Task prompt. Beginning at the first line of the material, output each line exactly until you reach and include the line containing "ティー・コーヒーカップセット カップ&ソーサー6客セット 花柄". Leave every picture out.

Collected data.
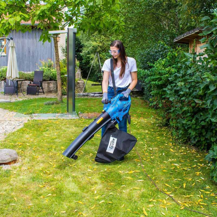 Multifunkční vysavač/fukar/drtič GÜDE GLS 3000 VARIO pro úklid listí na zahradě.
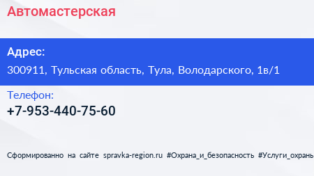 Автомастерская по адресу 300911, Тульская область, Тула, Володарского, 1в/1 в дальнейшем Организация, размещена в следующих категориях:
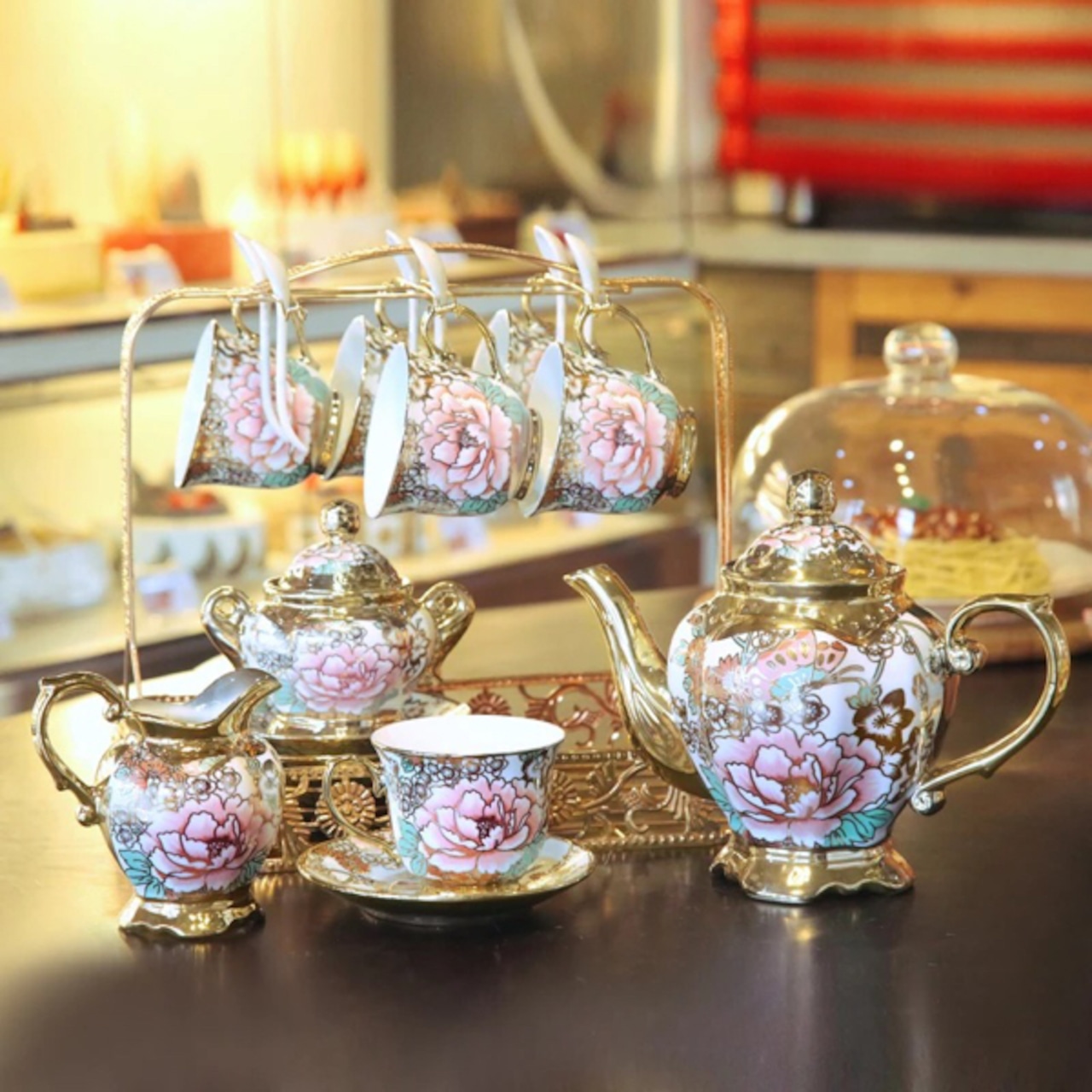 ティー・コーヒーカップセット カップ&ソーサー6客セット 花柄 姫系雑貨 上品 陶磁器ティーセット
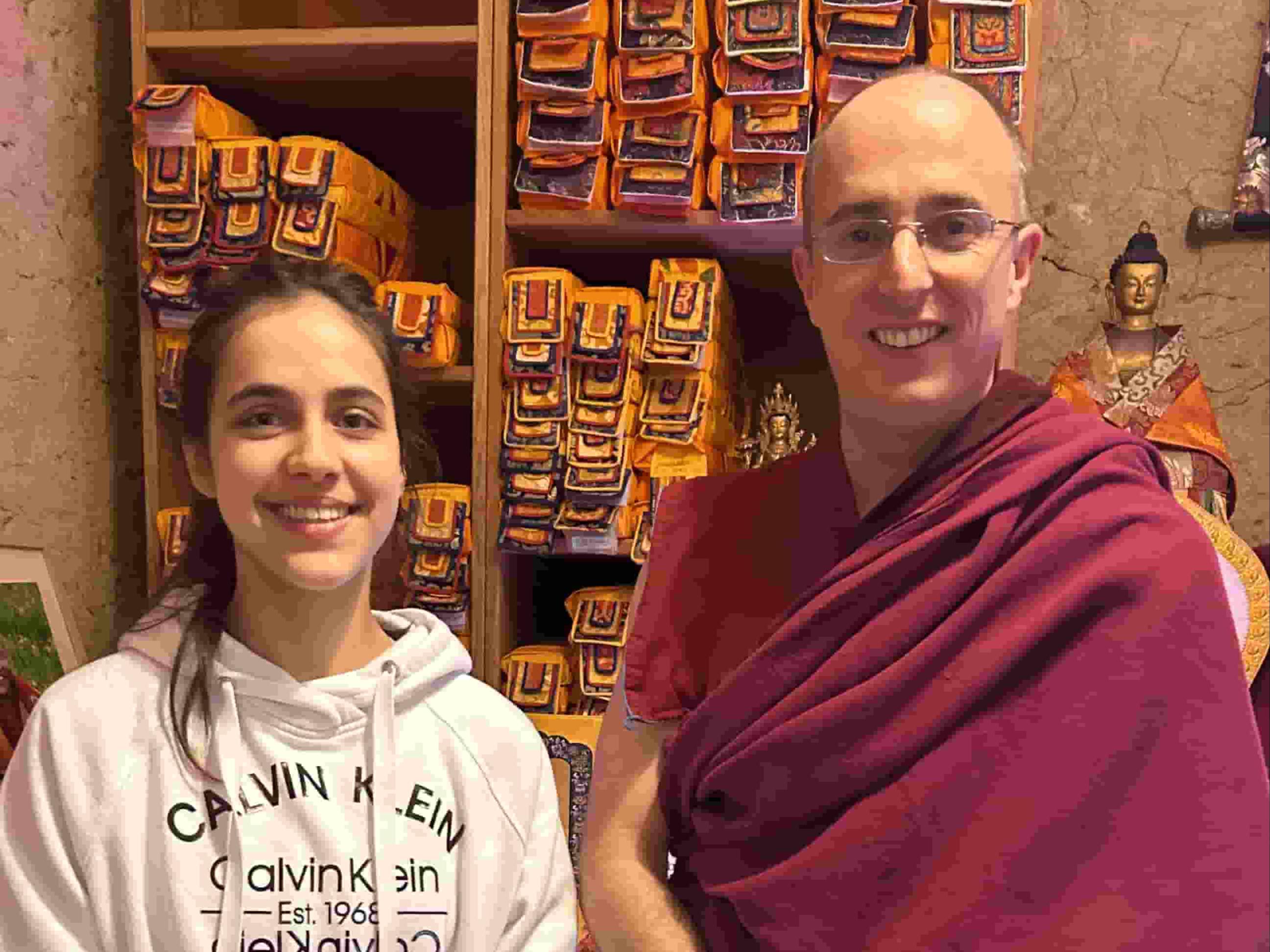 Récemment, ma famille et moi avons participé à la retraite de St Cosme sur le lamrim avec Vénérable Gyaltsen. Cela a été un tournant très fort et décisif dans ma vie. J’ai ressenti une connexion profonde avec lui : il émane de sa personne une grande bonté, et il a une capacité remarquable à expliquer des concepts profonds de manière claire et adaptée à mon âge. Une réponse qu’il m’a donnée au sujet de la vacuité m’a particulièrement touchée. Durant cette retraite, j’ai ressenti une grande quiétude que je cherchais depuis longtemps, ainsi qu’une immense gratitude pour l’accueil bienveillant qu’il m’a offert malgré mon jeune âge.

Your solution.
 Multifunkční vysavač/fukar/drtič GÜDE GLS 3000 VARIO pro úklid listí na zahradě.
 Автомастерская по адресу 300911, Тульская область, Тула, Володарского, 1в/1 в дальнейшем Организация, размещена в следующих категориях:
 ティー・コーヒーカップセット カップ&ソーサー6客セット 花柄 姫系雑貨 上品 陶磁器ティーセット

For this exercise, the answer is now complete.